FIG. 2 depicts a three dimensional view of a detection device including a functionalized graphene layer 120 according to an illustrative embodiment. As shown in FIG. 2, the graphene layer 120 includes a two dimensional honeycomb lattice of carbon atoms. The carbon atoms are held together by strong Van der Waals forces. A change in resistance occurs as a biological agent or a chemical agent 140 comes into contact with or bonds with a molecule 160 used to functionalize the graphene layer 120. While FIG. 2 only depicts two electrodes 105 for ease of explanation, the detection device may include any number of electrodes 105. Further, the electrodes 105 may be arranged in an array, as shown in FIG. 3A and described below.

FIG. 3A illustrates details of a graphene covered detection device according to illustrative embodiments. The spacing between the CMOS electrodes 105 may be on the nanometer scale. Also, as shown in FIG. 3A, the CMOS electrodes 105 may be arranged in an array, covered with the graphene layer 120. The spacing and arrangement of the CMOS electrodes 105 within the array allow for quick and accurate detection of not only the presence of bioagents 140 and chemicals in a liquid or gaseous environment, but also the spatial concentration of such agents in the environment. This is described in more detail below.
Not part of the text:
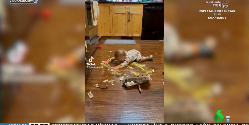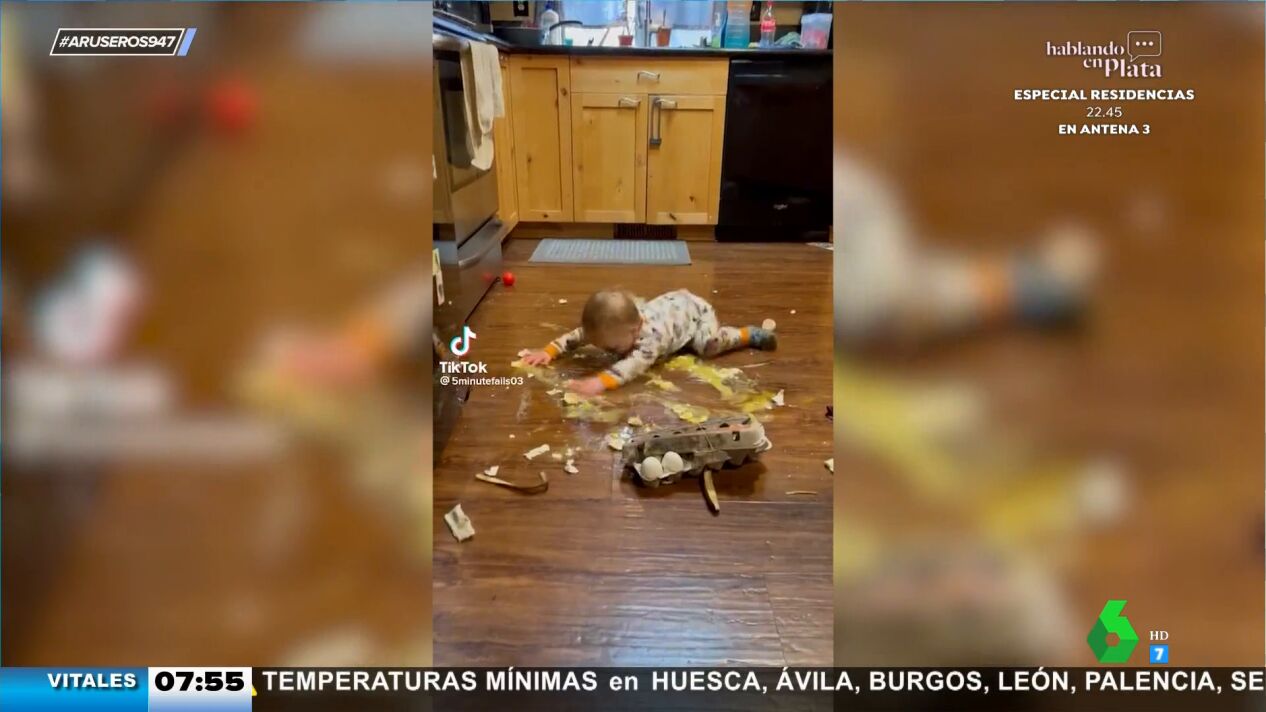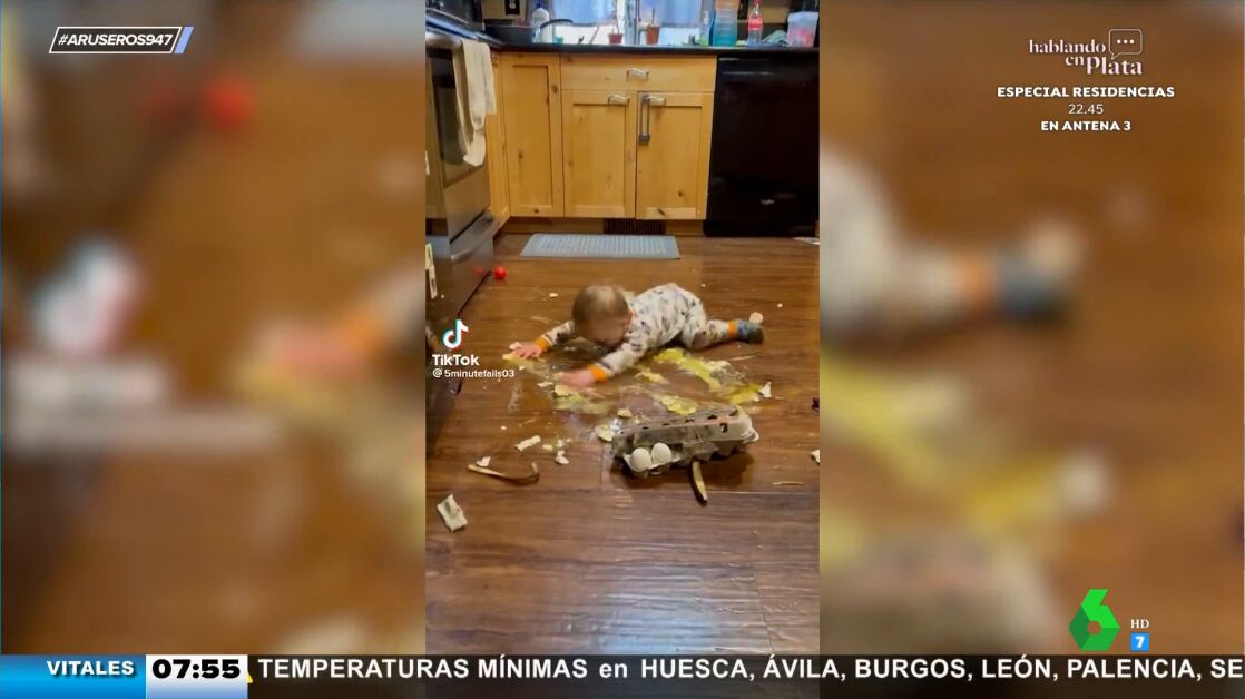 Este pequeño ha revolucionado la cocina de su casa tirando todos los huevos al suelo y formando a sus pies una pre-tortilla gigante.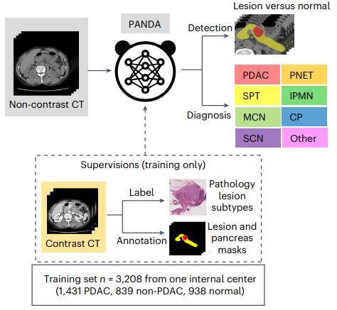 这次,他们整出了个名叫PANDA ( pancreatic cancer detection , with artificial intelligence )的 AI 大模型,根据简单的平扫 CT 图像,它就能做出胰腺癌相关的诊断。

According to an illustrative embodiment, one electrode of a pair of adjacent electrodes may be considered a source, and the other electrode of the pair may be considered a drain. Both the “source” electrode and the “drain” electrode are in contact with the graphene layer 120. The “source” and “drain” electrodes may, in turn, be connected to the CMOS detection layer 130. This may be understood with reference to FIG. 3B which illustrates a simplified device schematic showing a portion of the device shown in FIG. 3A. As shown in FIG. 3B, adjacent “source” and “drain” electrodes (labeled “S” and “D”, respectively) act as sense rails, providing inputs to CMOS detection layer 130. In the example illustrated in FIG. 3B, the CMOS detection circuitry in the detection layer 130 includes a Wheatstone bridge with an instrumentation/differential amplifier circuit 170. It should be appreciated that this circuitry is shown by way of example, and that that the detection circuitry in the CMOS detection layer 130 may include any other suitable circuitry.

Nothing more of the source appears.